You can't appeal to the logic in a cult member. Cultism isn't logical, to begin with. I guess you can only replace one cult leader with another, or employ deprogramming.

jmowreader

(50,557 posts)
14. Hmmm....
Sat Nov 24, 2018, 12:49 PM
Nov 2018

So this explains why the Deplorables decided to vote into office a man who sells $25 hamburgers in his Chicago hotel.

JudyM

(29,235 posts)
15. Financial elites rally people around divisive smears of cultural "elites" with the help of
Sat Nov 24, 2018, 01:17 PM
Nov 2018

religious “elites.” Derisiveness is apparently a more important pasttime activity/value to support than compassion.

crazycatlady

(4,492 posts)
16. Yet look at who the GOP nominates for POTUS
Sat Nov 24, 2018, 01:31 PM
Nov 2018

21st century nominees

1) Son of a former president who chose politics over owning an MLB team
2) Guy who married an heiress and could not tell you how many houses he owned
3) Vulture capitalist who has an elevator for his cars on one of his properties
4) Wealthy real-estate investor who's claim to fame was selling people on the country club lifestyle.
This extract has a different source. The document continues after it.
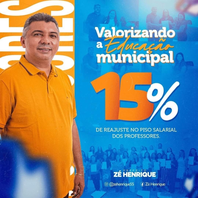 "Como prefeito e como professor, digo com sinceridade que é um prazer fazer o reajuste do pagamento dos professores municipais conforme o piso nacional. Para quem não vive a experiência do magistério, dificilmente compreenderá em sua totalidade a necessidade da valorização e do apoio aos nossos queridos professores e professoras", disse Zé Henrique.

Lives in a penthouse of a tower that bears his name.

 

Small-Axe

(359 posts)
17. Populism is toxic.
Sat Nov 24, 2018, 01:43 PM
Nov 2018

In both its right-wing and left-wing variations.

Populism is the ideological enemy of liberalism.

paleotn

(17,912 posts)
18. There once was a time when the average jane and joe were wise...
Sat Nov 24, 2018, 02:50 PM
Nov 2018

Wise in the they knew what they did not know and relied on the consensus of those who DID to form an opinion. Now they pull some uneducated shit out of their collective asses and consider that steaming pile to be on the same plateau as expertise. In the post truth world, everyone's opinion has equal weight, even when that opinion is so ridiculously uneducated and uninformed as to be comical in the extreme. Actually it sure as shit isn't funny anymore. It's like the old drunk guy at the end of the bar...the one who won't shut the hell up no matter how stupidly he rants...is now running he country. Idiocracy is now upon us.